Seeing the Constellations: Thoughts from IMPACT 2009

We just completed our IMPACT® 2009 Research Conference in Florida, which brought together over 300 top HR and L&D leaders from around the world.  One of the things I talked about in my keynote is the real value of industry research, and I wanted to highlight some of this thinking here, through the use of an analogy.

We, as industry analysts, are constantly looking into the heavens.  The Heavenswe gaze upward we see many flashes of light.  These millions of stars are each of you – the business and HR leaders and practitioners who are each working to solve problems.  If you gaze into the heavens you too will see this light.  From far away it looks like a broad glow, with different areas of color, cluster of activity, and areas of deep darkness.  But without a map of the heavens, it is hard to see the patterns.  So you see individual stars, small clusters, and sometimes images.

We see a lot of stars.  In fact, during a single year each of our analysts probably talks with hundreds of companies, and through our surveys and other research tools we actually study tens of thousands of companies, problems, processes, and systems.

Our job, as research analysts, is to show you the constellations.  The maps.  The important patterns.  And in addition to pointing them out to you (through our frameworks, maturity models, and reports), we show you how they apply to the problems you face in your organization.  

Now I know this sounds abstract and a little academic, but at it’s core this is the essence of business research.  And we do so much research now that I thought an analogy like this would be helpful.

Some of the seven “constellations” I pointed out at IMPACT are:

1.  Employee “engagement” is now a business issue, not an HR issue.  Organizations must learn to measure, monitor, and analyze engagement to give them immediate and specific actionable information. Lowes and Booz Allen discussed this in detail.  In the case of Lowes, for example, the company created a special definition of employee engagement which directly correlates to store sales.  By carefully monitoring this engagement measure, and identifying the job roles which contribute to engagement, Lowes can focus its talent investments on two critical roles in their store population.

2.  Corporate learning is not a “set of training programs” but rather a “set of learning environments,” which fit into an organizational learning culture.   If you want to build sustainable, high-impact learning programs you must build a learning architecture, and implement that architecture through a set of environments framed by your corporate learning culture.  Our new learning practices research and enterprise learning framework will help you here.

3.  High performing companies build individuals with deep levels of specialization, not generalists.    When GE studied its highest performing business units in 2007, they found one thing in common:  they each had a leader with 5 or more years of functional experience in that business.  The old management science of “job rotation” is somewhat flawed – it is deep levels of skill which make an organization sustainable.   (Qualcomm, Boeing, Vestas, and BT all talked about this at IMPACT.)
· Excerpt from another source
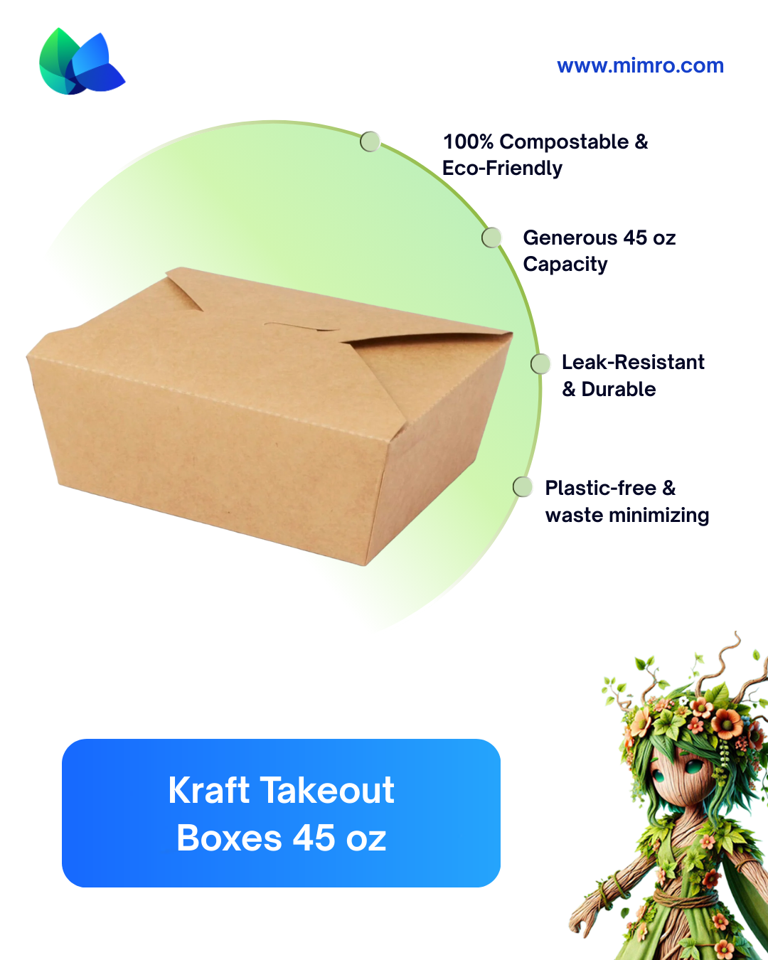 mimro makes sustainable living effortless, so you can enjoy flavorful meals on the move, with a clean conscience. The Soyle 45 oz Compostable Kraft Takeaway Boxes deliver functionality and eco-conscious design in every bite.

4.  First line managers should be considered nobility.  In any organization, the most important decisions are made at the front line – and often by new managers.   Organizations that are dealing with today’s economy are building leadership development from the “bottom up,” not “top down” – because it is the line leaders that implement change.  Southwest Airlines, Kaiser Permanente, Children’s Hospital of Atlanta, Lowes, and ARAMARK leaders all talked about how they’re doing this at IMPACT.
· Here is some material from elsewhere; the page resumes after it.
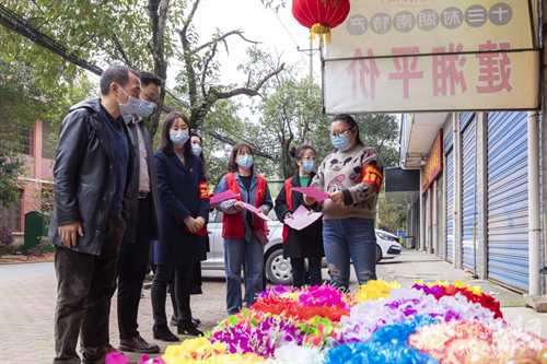 地上的鲜花寄托对先人的哀思,手中的传单饱含对居民的关怀。

5.  Talent Mobility should be your design point for talent management.  With most mature companies facing aging baby-boomers, layoffs, restructuring, and even growth in some areas – it is mobility that drives performance.  Northrop Grumman, Boeing, Turner Broadcasting all talked about the challenge of talent mobility, and how their “succession management” processes are evolving.  You should consider your retiring experts as part of this talent pool as well – how can you leverage them into your talent and expertise network?  Boeing is doing this today.
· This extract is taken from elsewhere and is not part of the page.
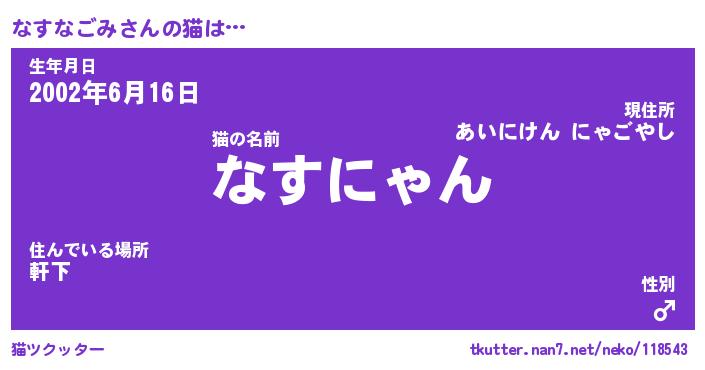| ポケモン風あだ名 | 『ナスチュウ』『ナスナダネ』 |

6.  You must learn from “we” not “me.”  Your company is a pattern recognition system.  Through the customer facing, internal, and support resources throughout your organization you are seeing and responding to market changes every day.  Without a process of actively sharing knowledge and learning, your L&D organizaton can never keep up.  BT, Sun Microsystems, and The Federal Reserve all showed us how they are using the “wisdom of crowds” in their organizations to rapidly adapt and succeed.  By the way, you can never build enough “training” to keep up, so don’t even try to control it.

7.  Do “less with less.”  Throughout the conference we talked about the fact that reduced budgets are a blessing in disguise.  It is healthy to focus, start over, and rebuild your talent and learning strategies in a consolidated, focused way.   Bristol Myers Squibb, Freeman, and almost every solution provider we spoke with described how they are consolidating their HR and L&D investments and driving even greater impact with fewer programs and fewer people.

So as you gaze up into the stars in the coming weeks, try to find these constellations – I hope they guide you to a successful 2009.